U.S. Transportation Secretary Anthony Foxx has introduced a challenge to all U.S. mayors and other elected officials to improve safety for pedestrians and bicyclists during the next year, as Larry Copeland writes for USA Today. Foxx made the announcement about his “Mayor’s Challenge for Safer People and Safer Streets” Thursday at a meeting of the U.S. Conference of Mayors in Washington, D.C.

Foxx said in a press release:

‘As a former Mayor, I understand what a difference it can make when a Mayor chooses to prioritize an issue that brings together many community members toward a common goal… This Challenge will help Mayors to use what we know about how to reduce pedestrian and bicycle fatalities and injuries to make a real difference and save lives in their communities.’

Fatalities due to pedestrian accidents and bicycle accidents have increased in recent years, despite a reduction in overall highway deaths, the DOT statement says. Pedestrian and bicyclist fatalities now comprise almost 17% of total traffic deaths, it adds.

The Challenge consists of a framework of seven activities based on innovations to improve pedestrian and bicyclist safety, DOT writes. The program will begin in March at a mayoral summit to be held at the Department of Transportation, where participants and attendees will discuss ways to build on or improve those seven activity areas.

Among the seven areas — which were drawn from recommendations in the 2010 U.S. DOT Policy Statement on Bicycle and Pedestrian Accommodation Regulations and Recommendations — are gathering and tracking data on biking and walking in each mayor’s community, and walking in those communities to make sure that street designs foster pedestrian and bicyclist safety, DOT writes.
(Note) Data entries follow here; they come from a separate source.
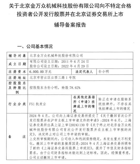 北京金萬(wàn)眾機(jī)械擬北交所IPO 一年前從滬市主板撤單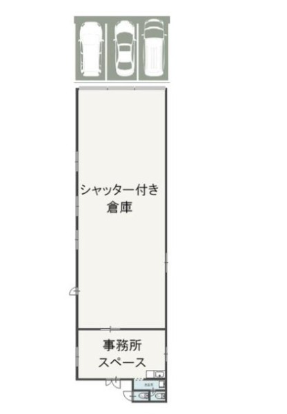 | 設備 | ★平屋建:177.07㎡(53.56坪)倉庫/作業場 ★Ⓟ前面空地:3台程度可 ★手動シャッター:3枚式 ★事務所部分あり ★WC2箇所・流し台・洗面台 |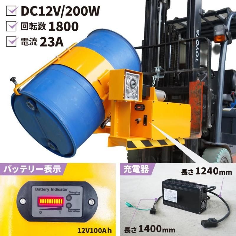 ドラム缶反転機 電動 無線リモコン付き アルミ製ギアボックス ドラムチルト フォーク用 スチールドラム ポリドラム KIKAIYA DHR-12E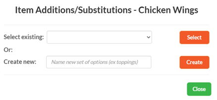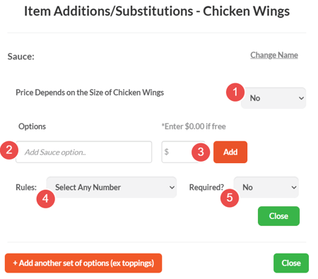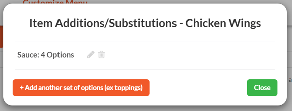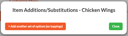 2. On the Items Additions/Substitutions pop-up, click the orange "Add another set of options (ex toppings)" button.

Copeland spoke with Madison, Wisconsin Mayor Paul Soglin, whose city has been praised by the League of American Bicyclists for its safety efforts. Soglin told Copeland that street design is one important component of safety, and that Madison’s city engineers, traffic engineers, city planners, and biking and pedestrian safety community work together to ensure that intersections and streets are safe, whether new or old. Typical city streets have been designed for vehicles, and some do not even have sidewalks, Soglin said, thus the challenge for cities is to accommodate pedestrians and bicyclists safely.

According to the Alliance for Biking and Walking, a nonprofit coalition of more than 220 organizations, the number of people who walk or bicycle regularly has been slowly increasing, Copeland reports. Jeffrey Miller, president and CEO of the Alliance, told Copeland that there are fewer fatalities in areas with a high number of bicyclists and pedestrians.
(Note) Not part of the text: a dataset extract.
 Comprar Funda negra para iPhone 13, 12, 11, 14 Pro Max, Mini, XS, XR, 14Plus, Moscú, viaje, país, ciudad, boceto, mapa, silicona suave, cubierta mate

In 2013, 743 bicyclists were killed in traffic accidents in the U.S., 1.2% more than the previous year, Copeland writes. A May 2013 CBS Denver news article says that according to The Denver Post, although Colorado’s traffic deaths had decreased 44% since 2002, deaths of pedestrians in the state had risen nearly 10%, and of cyclists by 44%. That article says that the Colorado Senate’s Transportation Committee said money to remedy the problem was “hard to come by.”

The DOT writes that the Mayor’s Challenge is an important component of Secretary Foxx’s pedestrian and bicyclist safety initiative; Foxx announced the launch of “Safer People, Safer Streets” back in September. Those mayors participating in the Challenge will reconvene in March 2016 to share what they learned in the year-long program, DOT writes.